Однако ничто в России не выглядит бóльшим диссонансом правительственным усилиям, чем реальное положение дел в данной сфере. В 1995 г. на долю«минеральных продуктов» приходилось 42,5% экспорта. В 2000-м — уже 53,8%, в 2007-м — 64,9%, а по итогам 2011 г. — 70,3%(данные Росстата по товарной структуре экспорта Российской Федерации). По официальным расчетам, пропорционально росла и доля так называемых нефтегазовых доходов в федеральном бюджете: с 24,4% в 1997 г. до 32,3% в 2002-м, 40,7% в 2007-м и 50,4% в 2012-м. Заклинания о модернизации не помогают: роль сырьевого сектора в экономике продолжает расти, а ведь помимо энергоносителей к этой сфере относится также производство металлов, удобрений, леса и многого другого. Россия безусловно остается сырьевой державой — и столь же безусловно это считается опасным и требующим преодоления.
Не пора ли поставить вопрос: а что, собственно, является в этой ситуации столь опасным и неприемлемым? Противоречит ли наличие мощного сырьевого сектора интересам национальной экономики? Оправданно ли само намерение сменить вектор развития — и даже если оно оправданно, то реализуемо ли оно на практике с учетом российских и мировых реалий?
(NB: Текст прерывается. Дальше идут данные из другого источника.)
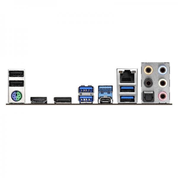 | Rear Panel I/O | - 1 x PS/2 Mouse/Keyboard Port- 1 x HDMI Port- 1 x DisplayPort 1.2- 1 x Optical SPDIF Out Port- 2 x USB 2.0 Ports (Supports ESD Protection)- 1 x USB 3.1 Gen2 Type-A Port (10 Gb/s) (Supports ESD Protection)- 1 x USB 3.1 Gen2 Type-C Port (10 Gb/s) (Supports ESD Protection)- 4 x USB 3.1 Gen1 Ports (Supports ESD Protection)- 1 x RJ-45 LAN Port with LED (ACT/LINK LED and SPEED LED)- HD Audio Jacks: Rear Speaker / Central / Bass / Line in / Front Speaker / Microphone (Gold Audio Jacks) |

Начнем с простого вопроса: действительно ли сырьевой сектор — это отсталое производство, в подметки не годящееся интернет-технологиям? Как минимум это весьма спорный тезис. Во всем мире добыча полезных ископаемых — сектор, отличающийся высокими технологическими стандартами и исключительной фондовооруженностью. Более того, сегодня энергетические компании(«Газпром» не в счет) вкладывают миллиарды в новейшие технологии, направляя на это от 4 до 7% совокупной прибыли. И так ли очевидно, что развитие новых технологий возможно лишь в условиях радикальной структурной перестройки экономики? Разве мы не видим сегодня, как одна только новая технология добычи сланцевых газа и нефти может изменить весь геополитический баланс не меньше, чем изобретение интернета? Разве разработка методов использования новых технологий получения энергии не есть условие конкурентоспособности страны? Разве спрос со стороны отрасли не может создать мощные мультипликаторы роста во всей экономике, если его с умением использовать? На мой взгляд, сторонники«умных перемен» просто закрывают глаза на эти, как и на многие другие, вполне очевидные экономические обстоятельства.
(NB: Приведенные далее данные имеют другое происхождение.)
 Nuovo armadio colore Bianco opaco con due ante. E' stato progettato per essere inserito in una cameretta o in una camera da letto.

Часто говорят о сырьевом проклятии, имея в виду, что государства, ориентированные на добычу сырья и перераспределение ренты, менее демократичны и развиты, чем промышленные державы. В условиях, когда США уже стали крупнейшим производителем газа, а скоро достигнут первой строки в рейтинге добычи нефти, этот тезис уже не выглядит бесспорным. Скорее можно утверждать, что ни одна европейская страна или страна, населенная преимущественно выходцами из Европы, не свалилась в авторитаризм, запутавшись в ресурсах, — ни США, ни Канада, ни Австралия, ни даже Бразилия. А развитие, например, Монголии прекрасно показывает, как рентная экономика может быть демократичнее не только сырьевой России, но и индустриального Китая. Россия в данном случае — исключение, а не правило(что делает этот факт лишь еще более грустным). Так что политика в данном случае довольно-таки автономна от экономики.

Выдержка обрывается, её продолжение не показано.